The little girl and I seemed to detect scents that others could not. I found a scrap of paper from a grocery bag and scribbled a quick story before my bath. I could hide it in the blind girl’s room.
The Story of Smell
A boy wanted to write about his small, limited life but so far it had smelled fetid. It had the aroma of curdling milk, fungus, old meat. He wanted his life to acquire the odor of freshly baked cookies. One day, at school, he crawled inside a crow. The crow didn’t use words. The bird threw his black feathers everywhere but the boy stayed inside the crow. The bird allowed the boy to fly with him to a place crows gathered, making a stinky, white mess.
“Disgusting,” the boy yelled, abandoning the crow, filling his nose with black pebbles, breathing out of his mouth, which made it difficult to talk.
“That’s the first word of your story,” the crow said without talking.
The boy was near a lake and, seeing a black swan, he leaped inside the bird, admiring the bird and feeling safe within its beauty. He sniffed its clean, shimmering feathers, believing he could live inside forever. He would forget about his life story. But as the swan glided from place to place the boy’s nose detected all the other animals, which ruined his placid existence. He came out of the swan, smelly and white.
“I hate these other smells,” the boy complained.
The swan turned its lovely black head toward him and told him, “But it’s your scent that is the most disgusting.”
Chapter Six
I closed the door to the tiny bathroom and steam somersaulted everywhere, fogging the window, the mirror (my old companion), the toilet, the sink. I rubbed the mirror with my sleeve to see what I looked like to others. My hair was laced with leaves and twigs. My brown eyes were reasonably alert, my eyelashes long and curling. There appeared the mole, the Daughter’s mole. I wondered if I could pick it off but it didn’t budge. I gave the strange mirror my usual glower. I checked inside my mouth for more damage. I found the space where the two teeth had been.
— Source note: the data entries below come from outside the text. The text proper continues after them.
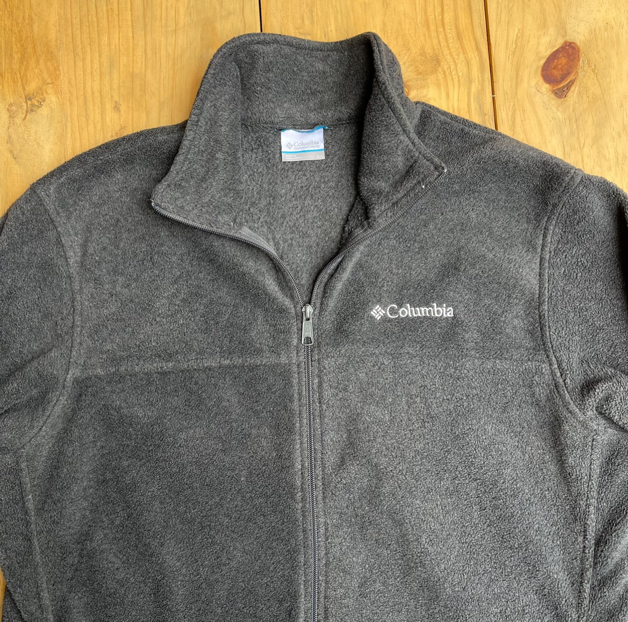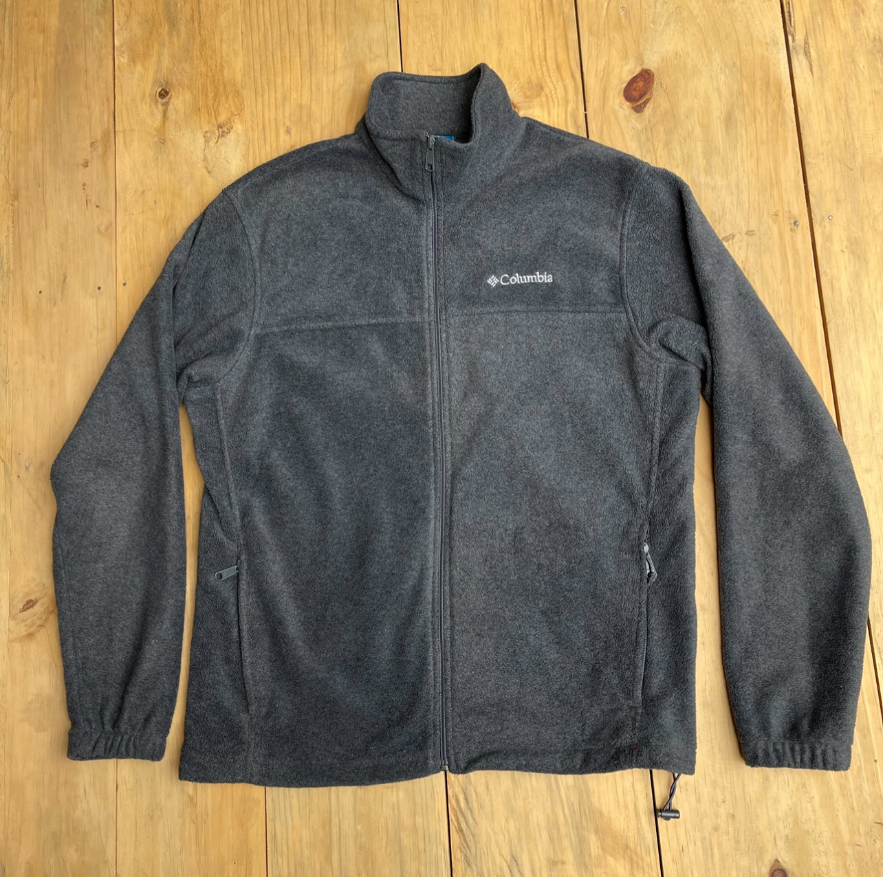 Gris oscuro, tela suave y calientita. Con zipper y bolsas. Logo al frente.
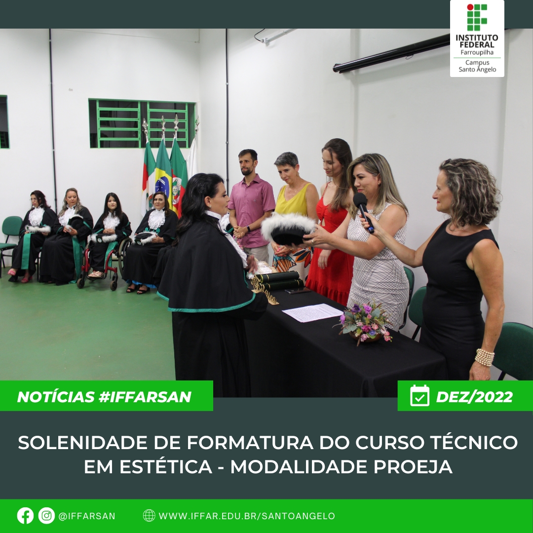 Tendo como público Jovens e adultos que não tiveram a oportunidade de cursar o ensino médio na idade regular e que buscam também uma profissionalização, realizou-se no dia 22 de dezembro de 2022 a solenidade de formatura do Curso Técnico em Estética, do Programa Nacional de Integração da Educação Básica com a Educação Profissional na Modalidade de Educação de Jovens e Adultos (PROEJA).
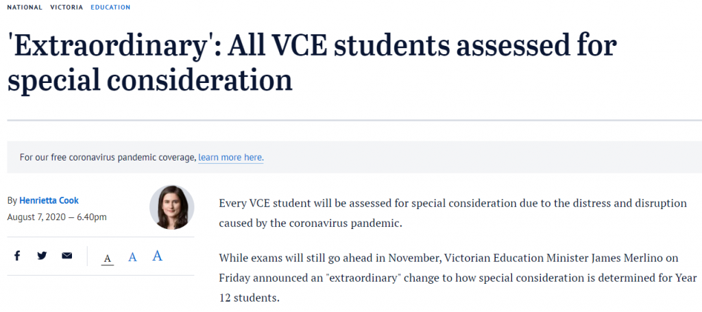 维多利亚大学课程与评估局(VCAA)将引入广泛的“教育劣势考量”程序来计算每个学生的澳大利亚高等教育录取排名,该排名衡量学生与澳大利亚其他应届生的整体学术成就。正常情况下,某些学生会根据具体情况接受特殊评估,但到2020年,维多利亚州的每个学生都将接受这种评估。

I cracked a slit in the window and threw my teeth into the woods where I hoped they would grow into tooth trees. I could see tall, thin, white trees with branches studded with teeth instead of leaves or blossoms. I imagined the clacking noise the teeth would make waving in a breeze. I closed the window. I undressed but didn’t find any new deletions, just the missing teeth, part of the big toe on my left foot, the other toe, and the top half of my left finger. So far. That might be the end of the s
ubtractions. I wasn’t a bad specimen of Mara.
Standing inside the room, I usurped all the space in the bathroom, even hunched over, my head leaning toward my stomach. When I stepped into the hot bath in the tin tub, draping my arms over the sides, there was more space in the room again. I inspected my breasts, the place where others had a belly button but I didn’t, my buttocks, my sexual area. I wondered if I could have a child, whether Father had given me working female components on the inside. I doubted it, but it was difficult to know since I’d never used them. I thought that it must be hard to be a mother. Look at Kat.
When I closed my eyes, a memory hugged me, a bassinet with toys dangling above it. A tiny baby wailed in my arms. I rocked the shrieking creature when it wasn’t at my breasts, sucking at them eagerly.
“Deirdre,” I cooed at the tumultuous, miniature arms and legs, the bald head with its grimacing face. It, too, was new to its body. And it ached for something. Wallpaper with fairytale scenes surrounded us, a fluffy pink rug. With the baby, Deirdre, I was content, although concerned with what she cried for and needed. A warm feeling enveloped me and extended to both of us.
In my memory I closed my eyes, just as I heard footsteps behind me. I put the baby down in her bassinet just before someone’s hands clutched at my neck, choking me.